Lampard, 43, will be a wiser boss for all these experiences with the egos of modern footballers in the dressing room and the extreme pressure of expectation from modern owners in the boardroom.
There is no preparation for this. Not even if you’re one of the best players in the Premier League era, born into a football family, with a contact book full of the biggest names in the game.
In an odd way, having a layoff on his record could help, so he doesn’t have to scoff at privileges of those who claimed he’d been lucky enough to jump from the championship to the Champions League without even but a promotion to his name.
Lampard will take over at an Everton team that has endured a season of turmoil
Vitor Pereira expected to take on Everton role before fans protested
“You’re not a manager until you’re fired,” Roy Hodgson told Lampard in a soothing conversation full of wise advice shortly after he left Chelsea.
Smart enough and committed enough to take the lessons and evolve, he plans changes to his coaching team with Jody Morris not expected to join him as an assistant when he takes his next job.

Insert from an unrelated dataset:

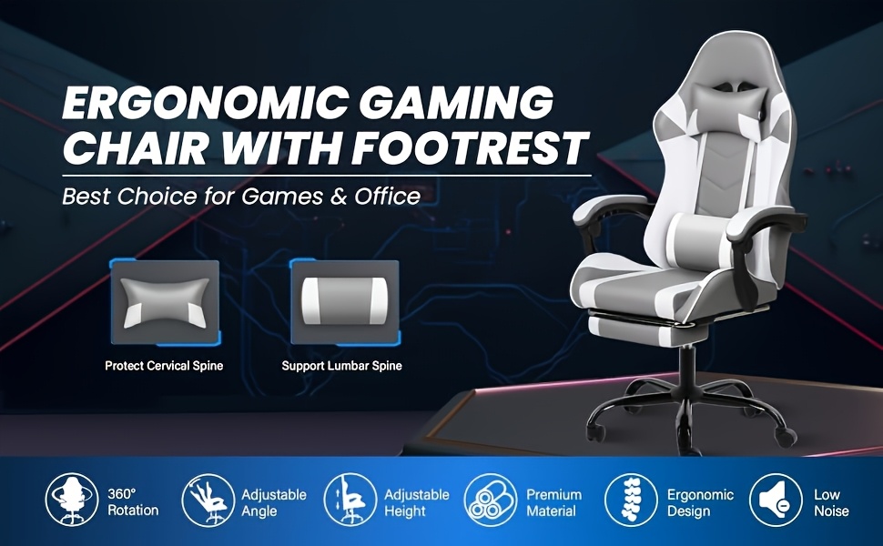 Ergonomic Design for Superior Comfort: Experien unparalleled comfort with our gaming chair, designed with adjustable lumbar support, and neck pillow to promote a healthy posture during racing gaming sessions.

At Everton, there is a lot of room for improvement, but without an unreasonable expectation of winning the Premier League.
Already quite unpopular in the city at Liverpool, Lampard has a proven ability to make fans feel good about their team again with his profile, personality and passion for an attacking style of football.
This must be the immediate target of Farhad Moshiri and his disorderly regime in Goodison Park.
The time feels right for Lampard to return and Everton feels like a good match for him.